- Collection entries -
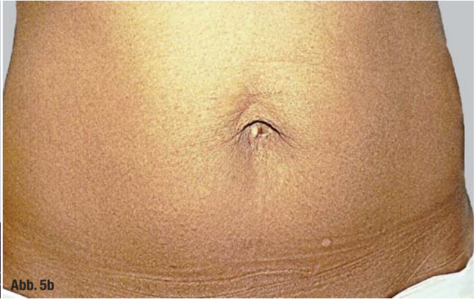
Abb. 5a und b: Hauterschlaffung am Bauch vor Beginn der Behandlung (a) und nach vier Sitzungen (b).

gerschaften und in Kombination mit Behandlungen des Fettgewebes und zur Behandlung der Oberarme nachgefragt. Bemerkenswert sind die Behandlungsergebnisse nach solariumgeschädigter Gesichts- und Halshaut mit Erschlaffung und Elastose oder bei extremer Lichtalterung der Haut. Auch hier zeigen sich meist bereits nach der ersten von vier bis sechs Behandlungen beeindruckende Soforteffekte. Neben der Faltenbehandlung lässt sich in der Regel ein guter Lifting-Effekt an Hals, unterem Gesicht und Mittelgesicht erzielen. Durch erfahrene Behandler kann auch der Übergang Mittelgesicht/Arcus marginalis im Sinne einer deutlichen Verbesserung der „Tränensäcke“ und/oder Festoons effektiv behandelt werden. Gerade die Behandlung dieser Region erfordert aber sehr gut geschultes Fachpersonal.
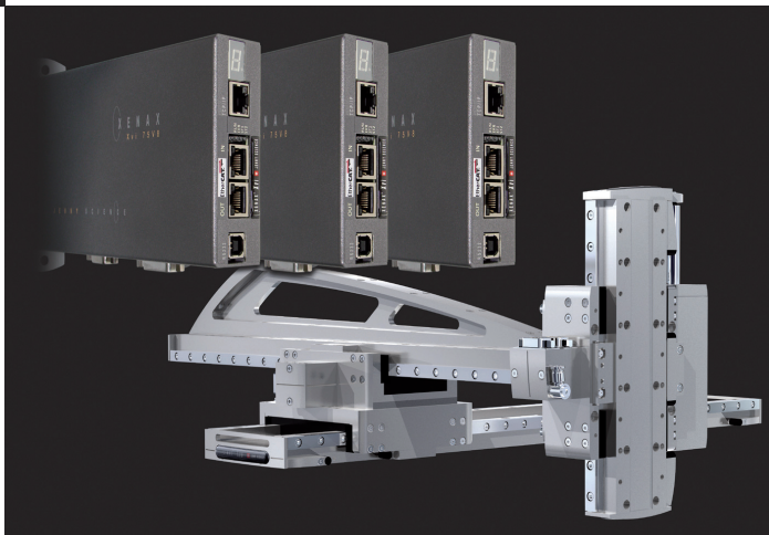
3-Achsen-Flächenausleger: Dank Master-/Slave Funktion ist kein übergeordneter Positionskontroller notwendig.

anderer zu positionieren ist ein übergeordneter Positionskontroller notwendig. Nicht so bei den neuen XENAX Xvi 75V8 Servocontrollern. Der Servocontroller mit der Nummer 1 ist der Master. Nur auf diesem erfolgt die Ablaufprogrammierung. Der Master erkennt über den schnellen, effizienten I2C-Bus seine Slaves automatisch. Bis zu
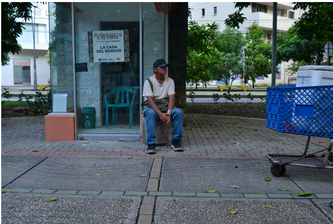
Figura 53. La casa del borojó.
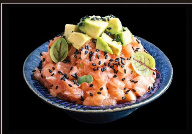
88.Shake tartare Salmone, avocado e salsa tomi
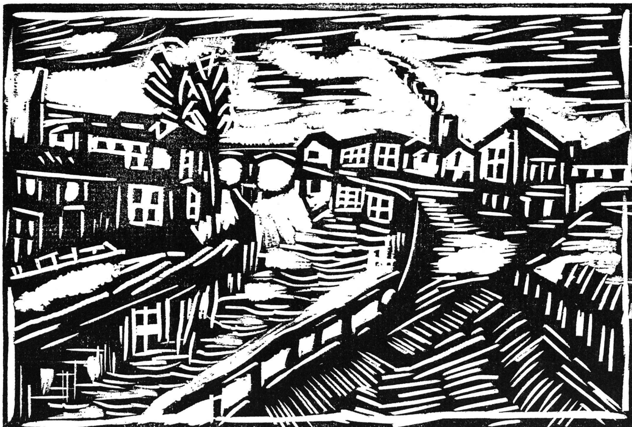
Holzchnitt aus «Voyages», Paris 1920
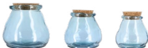
Pot couvercle liège

Le design, la qualité sont parfaitement possibles avec du verre 100% recyclé.
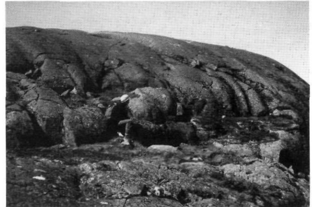
FIGURE 4. Moulure amont d'un rocher profilé dans du basalte; région du lac Guillaume-Delisle, Québec subarctique (7-8-82).

A large-size streamlined outcrop in basalt, top of a cuesta in the area of Lac Guillaume-Delisle (Richmond Gulf), Hudson Bay (8-7-82).
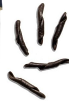
Nerelli noir de seiche
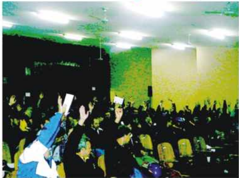
Assembléia do dia 01 rejeitou a proposta e aprovou o indicativo de greve

A greve é um direito legítimo dos trabalhadores, garantido na Constituição e neste momento é a arma que temos para forçar a direção da empresa a voltar para a mesa de negociação com uma proposta decente. Lucros a ECT tem. Tá faltando vontade política da direção da empresa para dar um aumento real nos salários!
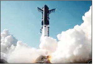
■ लगभग एक घंटे बाद स्टारशिप स्पेसक्राफ्ट हिंद महासागर में सुरक्षित लैंड करने में कामयाब रहा

टेक्सास। दुनिया के सबसे ताकतवर राकेट स्टारशिप पर के नए और बड़े वर्जन (वी-3) का पहला लॉन्च सफलताओं और नकारात्मकताओं का मिश्रण-जुला सफर रहा। टेक्सास के दक्षिणी छोर पर स्थित स्टारबेस लॉन्चिंग पैड से उड़ान भरने के बाद इंजन में खराबी आ गई। इस कारण राकेट के नष्ट होने का खतरा मंडरा रहा था। इसके बावजूद लगभग एक घंटे बाद स्टारशिप स्पेसक्राफ्ट हिंद महासागर में सुरक्षित लैंड करने में कामयाब रहा। स्टारशिप सीरीज के पहले भी कई लॉन्च हो चुके हैं, लेकिन इस तीसरी पीढ़ी (वी-3) के अपग्रेड राकेट का पहला ही टेस्ट था और स्टारशिप का 12वां टेस्ट था। इसे भारतीय समय के अनुसार 23 मई की सुबह लॉन्च किया गया। दुनिया के सबसे अमीर कारोबारी इलान मस्क की कंपनी स्पेसएक्स ने इस राकेट को बनाया है। स्टारशिप स्पेसक्राफ्ट (ऊपरी हिस्सा) और सुपर हेवी बुस्टर (निचला हिस्सा) को कलॉकविली 'स्टारशिप' कहा
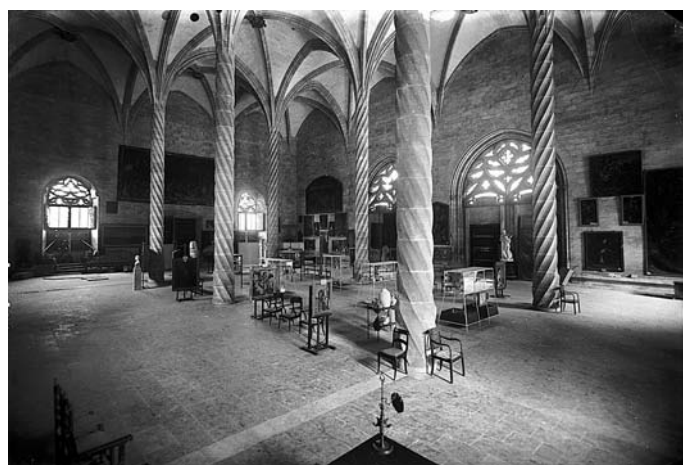
Fig. 2. Interior del Museo provincial instalado en la Lonja de Palma en 1886.

La Orden de 13 de junio de 1844 dio lugar a las Comisiones provinciales de monumentos históricos y artísticos, que reemplazaron las antiguas Co-
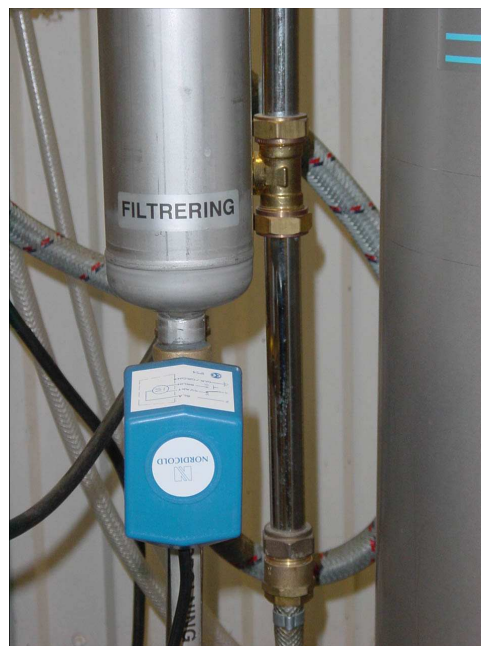
Reglermotor 2. Under syrepelaren.

Vid eventuella frågor kontakta Aqua Expert AB!
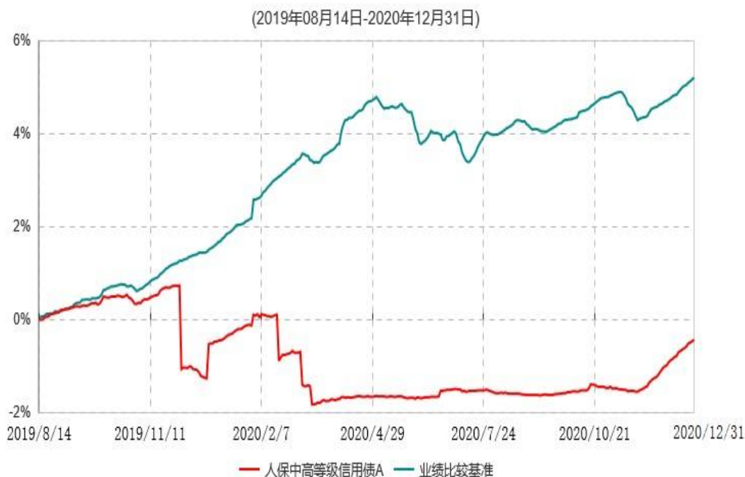
人保中高等级信用债A累计净值增长率与业绩比较基准收益率历史走势对比图
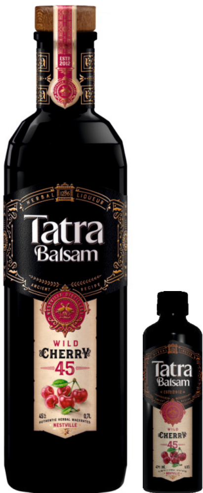
Tatra Balsam Cherry 45%
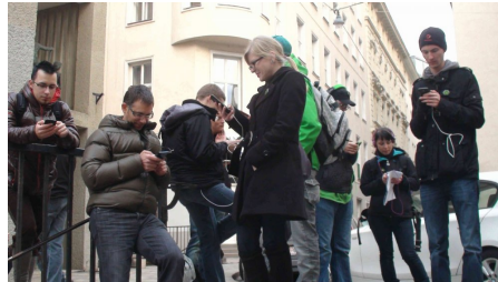
Abbildung 3: Ingress-SpielerInnen agieren im medialen und sozialen Raum

tatsächlich nach Niederösterreich fahren müssen, um dortige Portale einnehmen zu können. Trotz des vordergründigen - an den Kalten Krieg erinnernden und klar definierten - Konflikts zwischen zwei klar abgegrenzten Großmächten, steht die Freude am gemeinsamen Spiel im Mittelpunkt. Der strategische Feldzug mittels territorialer Besetzung à la "Risiko" ist ein durchaus interessanter Aspekt und bereichert "Ingress"; de facto schiebt jedoch das Game-Design der reellen und dem Spielspaß wenig zuträglichen Umsetzung von globaler Dominanz, durch einer der beiden Konfliktparteien, einen Riegel vor: "ingress wird niemals von einer Partei gewonnen werden - das lässt schon der spielalgorithmus nicht zu. die hauptsache ist eine menge spaß in einer guten [...] Community" [5] , so ein Forenkommentar vom 18.11.2013 im Zuge eines Online-Artikels rund um den ersten Österreichischen "Ingress"-Event in Wien am 16.11.2013.
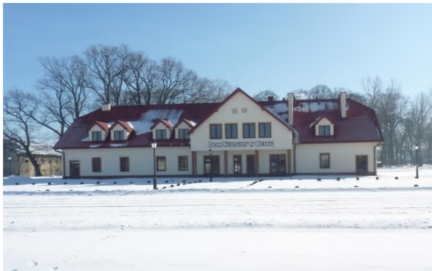
Dom Kultury w Besku

9. Nazwa projektu: Zielone dziedzictwo – Parki Jarosławia i Humennego
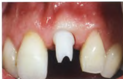
Abb. 36: Einprobe des individuellen Keramik-Abutments.
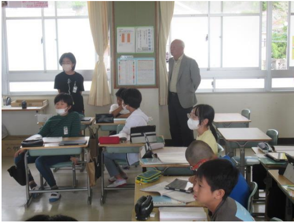
道徳で、公平・公正について学習する5年生
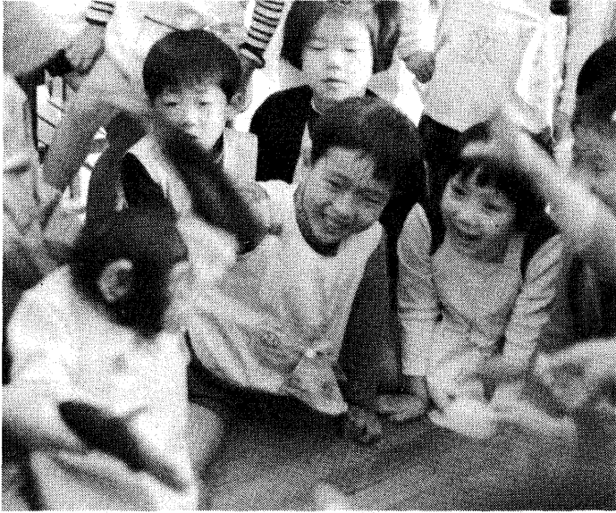
サッチャン、遊ぼうよ
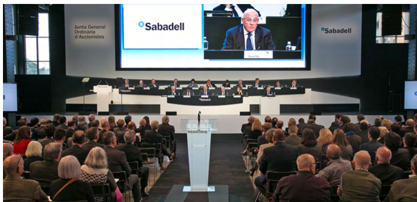
Imatge de la celebració de la Junta General d'Accionistes que va tenir lloc a Sabadell.

La Junta General d'Accionistes del banc va aprovar el passat 30 de març la gestió i els resultats de l'exercici 2016, que va tancar amb uns resultats nets de 710,4 milions d'euros, i va acordar destinar 279,7 milions d'euros a la retribució a l'accionista (0,05 euros per títol).
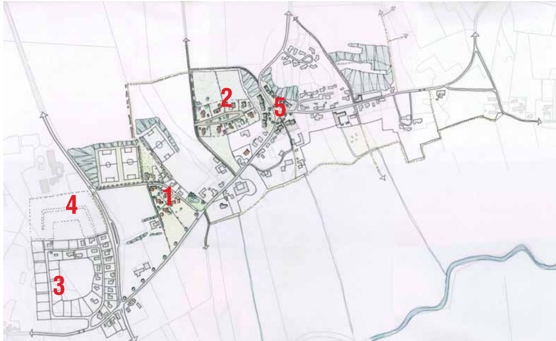
Prioritering af byudviklingsområderne. Område 4 er perspektivområde på langt sigt. Område 5 bliver først aktuelt, hvis savværket lukker.
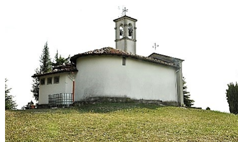
La Chiesa di San Giorgio
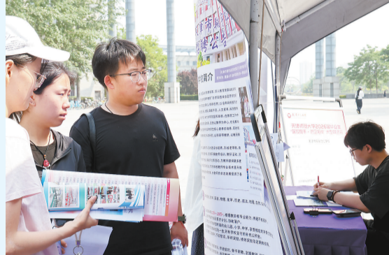
天津师范大学双选会现场。
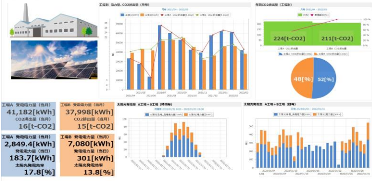
ダッシュボード画面例
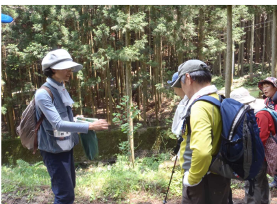
植物観察のようす①
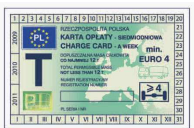
odcinek kontrolny — awers
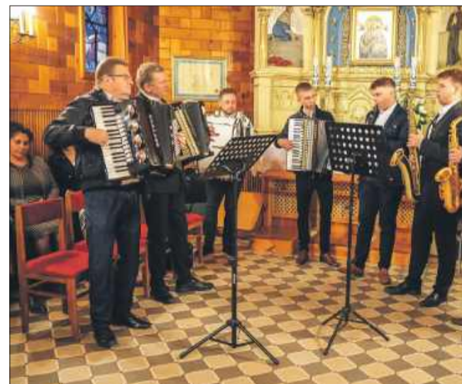
Podczas nabożeństwa nie zabrakło radosnego śpiewu.
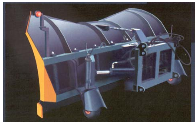
Vist med hjul som ekstrautstyr
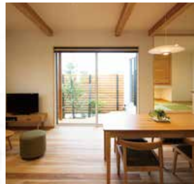
1 温もりのある杉の床と大開口の窓で外とつながるリビング

所在地:新潟県阿賀野市保田字千苺 / 交通:新潟交通「千苺団地前」バス停から徒歩約4分 / 土地面積: 185.61㎡ (56.14坪) / 延床面積 (1階): 74.39㎡ (22.54坪) / 建築面積: 80.73㎡ (24.46坪) / 施工面積: 94.51㎡ (28.63坪) / バス・トイレ: 追焚機能、シャワー付洗面化粧台、温水洗浄便座 / キッチン: システムキッチン、IHクッキングヒーター、3口以上コンロ / 設備・サービス: 全居室収納、エアコン2台、床下収納、モニター付インターホン、カードキー、複層ガラス、省エネ給湯器、室内物干し、上水道、下水道、電気、側溝、庭、ウッドデッキ、間接照明、照明器具、火災警報器 (報知機) / 道路幅員: 6.0m / 建築年月: 2018年6月新築 / 取引形態: 売主 / 広告取引有効期限: 2023年12月31日
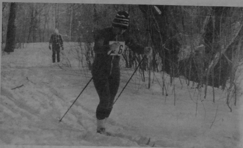
НА ЗДЫМКУ: на дыстанцыі — дзяўчаты.

Л. МАРАЗАВА, галоўны суддзя спарторніцтваў.
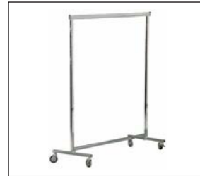
Konfektionsständer groß, chrom Coat rack big, chrome 130–190 × 160 cm
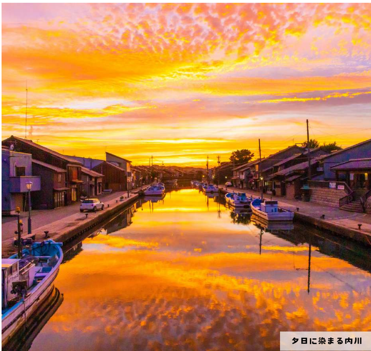
夕日に染まる内川
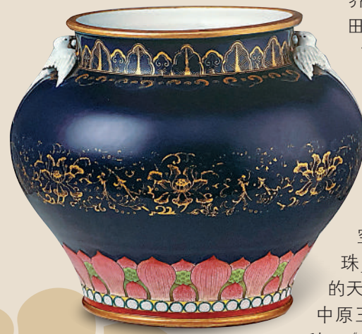
▼「聯展」展品：清乾隆青釉金彩海晏河清尊。中國國家博物館
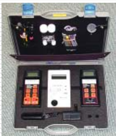
Mallette appareillage / Equipment case
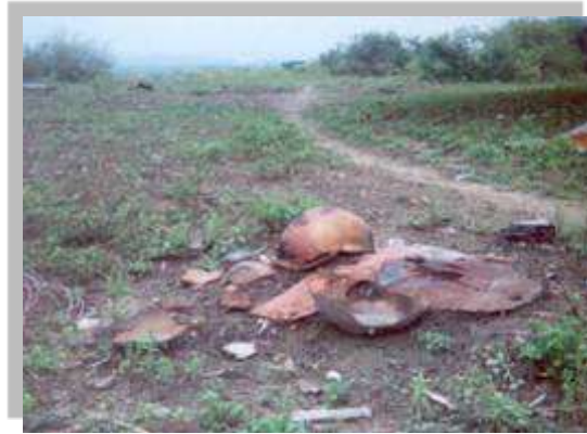
Horno antiguo suelana

Los hornos antiguos de leña o suelana que registraban pérdidas superiores al 50% en la quema de bizcocho, se han sustituido por hornos a gas, más eficientes y que generan menores impactos ambientales.
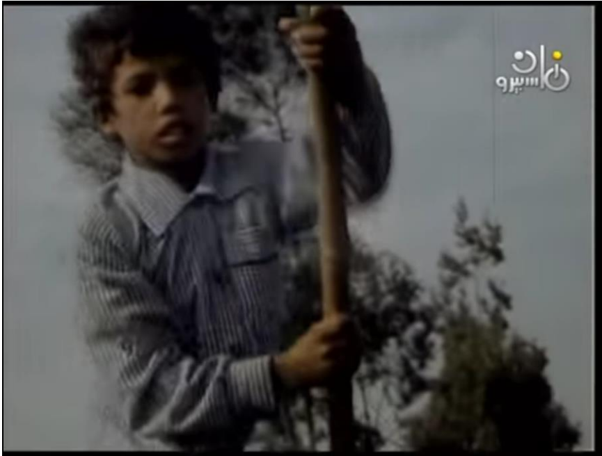
صورة رقم (١٢) على وهو يجذف مسرعا للحاق بالمدرسة
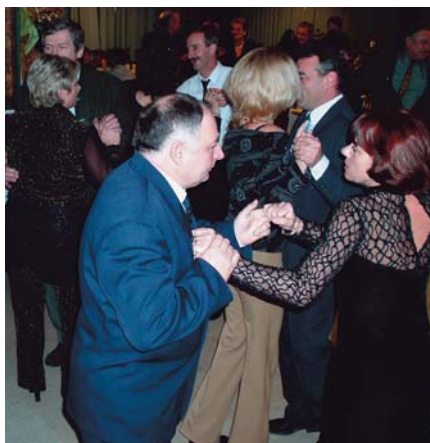
A Rulett együttes szolgáltatta a talpalávalót

zogni. A „táncparkett” az első taktusokra megtelt, a vendégek lankadatlan figyelemre készítették a Rulett együttes

- THE PROBLEM -
What is needed is a word-for-word repeat of every line from the line with "odcinek kontrolny — awers" to the end of the entries above; leave out the pictures.

- EXPECTED ANSWER -
odcinek kontrolny — awers
Podczas nabożeństwa nie zabrakło radosnego śpiewu.
Vist med hjul som ekstrautstyr
1 温もりのある杉の床と大開口の窓で外とつながるリビング

所在地:新潟県阿賀野市保田字千苺 / 交通:新潟交通「千苺団地前」バス停から徒歩約4分 / 土地面積: 185.61㎡ (56.14坪) / 延床面積 (1階): 74.39㎡ (22.54坪) / 建築面積: 80.73㎡ (24.46坪) / 施工面積: 94.51㎡ (28.63坪) / バス・トイレ: 追焚機能、シャワー付洗面化粧台、温水洗浄便座 / キッチン: システムキッチン、IHクッキングヒーター、3口以上コンロ / 設備・サービス: 全居室収納、エアコン2台、床下収納、モニター付インターホン、カードキー、複層ガラス、省エネ給湯器、室内物干し、上水道、下水道、電気、側溝、庭、ウッドデッキ、間接照明、照明器具、火災警報器 (報知機) / 道路幅員: 6.0m / 建築年月: 2018年6月新築 / 取引形態: 売主 / 広告取引有効期限: 2023年12月31日
НА ЗДЫМКУ: на дыстанцыі — дзяўчаты.

Л. МАРАЗАВА, галоўны суддзя спарторніцтваў.
Konfektionsständer groß, chrom Coat rack big, chrome 130–190 × 160 cm
夕日に染まる内川
▼「聯展」展品：清乾隆青釉金彩海晏河清尊。中國國家博物館
Mallette appareillage / Equipment case
Horno antiguo suelana

Los hornos antiguos de leña o suelana que registraban pérdidas superiores al 50% en la quema de bizcocho, se han sustituido por hornos a gas, más eficientes y que generan menores impactos ambientales.
صورة رقم (١٢) على وهو يجذف مسرعا للحاق بالمدرسة
A Rulett együttes szolgáltatta a talpalávalót

zogni. A „táncparkett” az első taktusokra megtelt, a vendégek lankadatlan figyelemre készítették a Rulett együttes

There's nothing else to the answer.